The Hacker News post titled "Understanding Surrogate Pairs: Why Some Windows Filenames Can't Be Read" linking to an article about surrogate pairs in Windows filenames generated a moderate discussion with several interesting points.
Several commenters discussed the challenges and inconsistencies surrounding surrogate pairs in different programming languages and operating systems. One commenter highlighted the complexity arising from UTF-16's variable-width encoding, where supplementary characters require two code units (a surrogate pair), causing issues if systems aren't correctly handling them as a single entity. They pointed out how this contrasts with UTF-8, which uses a variable-length encoding where characters can occupy 1 to 4 bytes. This difference often leads to confusion and bugs, especially when transferring data between systems or using libraries that don't fully support UTF-16.
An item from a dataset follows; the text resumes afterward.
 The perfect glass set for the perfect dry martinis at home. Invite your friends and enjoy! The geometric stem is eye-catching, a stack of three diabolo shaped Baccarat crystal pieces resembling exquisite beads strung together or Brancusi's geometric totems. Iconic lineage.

Another user discussed the specific problem of filenames on Windows, noting how NTFS technically does support these supplementary characters. However, the Win32 API layer often fails to handle them correctly, leading to the inability to access or manipulate files with such names. This commenter offered a workaround involving using the "\?\" prefix, effectively bypassing the problematic Win32 API and directly accessing the lower-level NTFS functionality. They further explained that using
std::filesystem::path::native()
might be more portable than manually adding the prefix.A separate commenter highlighted the overall complexity of character encoding and the difficulties many programmers face in fully grasping it. They pointed to the numerous related challenges that arise, such as combining characters, grapheme clusters, and the nuances of different Unicode normalization forms. They emphasized that even seasoned developers can struggle with these concepts.
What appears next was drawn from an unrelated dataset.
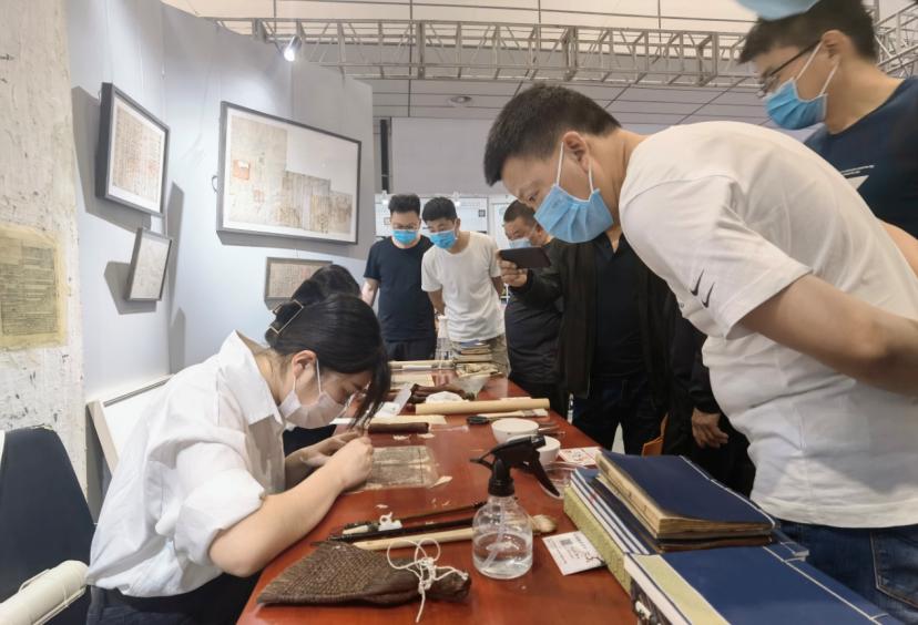 展览现场,两名绘画(鉴定与修复)专业的学子正在现场展示古籍和契约文献的修复技艺。她们用灵巧的双手,用一支毛笔、一盘浆糊、使一页页残破的古籍获得了重生。从点收、备料、拆书、去污,到书页修补、加衬纸、敲书、接书脑、加护页、齐栏、压实、草订、裁切、打磨、包角、打眼、穿线等复杂细致的环节,青年学子正以实际行动传承民族文化,延续中华文明。她们守护的是民族的历史,传承的是文明的根脉。展览现场还展示了中国画创作、油画创作、壁画临摹与保护、陶瓷刻绘等不同形式的艺术作品,展现了学院近年来在文物保护与修复教学方面的最新成果。

One commenter recounted their personal experience dealing with similar filename encoding issues on Windows with Chinese characters. They described the frustration of files being inaccessible due to encoding mismatches and the lack of clear error messages.
Some comments delved into the technical details of UTF-16 and how surrogate pairs function. One user clarified that supplementary characters are encoded as a "high surrogate" followed by a "low surrogate," and how these pairs form a single code point representing characters beyond the Basic Multilingual Plane (BMP).
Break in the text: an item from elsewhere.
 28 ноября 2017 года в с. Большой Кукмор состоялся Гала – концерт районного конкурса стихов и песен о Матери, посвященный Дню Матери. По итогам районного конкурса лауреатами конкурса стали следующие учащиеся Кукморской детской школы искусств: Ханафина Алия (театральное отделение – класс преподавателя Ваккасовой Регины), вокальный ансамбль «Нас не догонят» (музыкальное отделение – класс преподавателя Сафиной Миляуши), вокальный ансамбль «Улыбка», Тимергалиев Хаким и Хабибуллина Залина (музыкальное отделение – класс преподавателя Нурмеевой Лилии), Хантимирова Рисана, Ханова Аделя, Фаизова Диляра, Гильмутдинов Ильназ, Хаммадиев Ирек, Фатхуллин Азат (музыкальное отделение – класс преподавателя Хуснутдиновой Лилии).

Finally, a commenter touched upon the historical context, suggesting that the limitations in the Win32 API's handling of surrogate pairs are likely due to its age, predating the widespread adoption and understanding of supplementary characters. They speculated that updating the API would be a significant undertaking with potential compatibility issues.
In summary, the comments on the Hacker News post explored the technical intricacies of surrogate pairs, their implications for Windows filenames, the inconsistencies across different systems and programming languages, and the overall challenges developers face when dealing with Unicode characters. Several comments offered practical advice and workarounds for handling these issues, while others provided valuable context and personal anecdotes.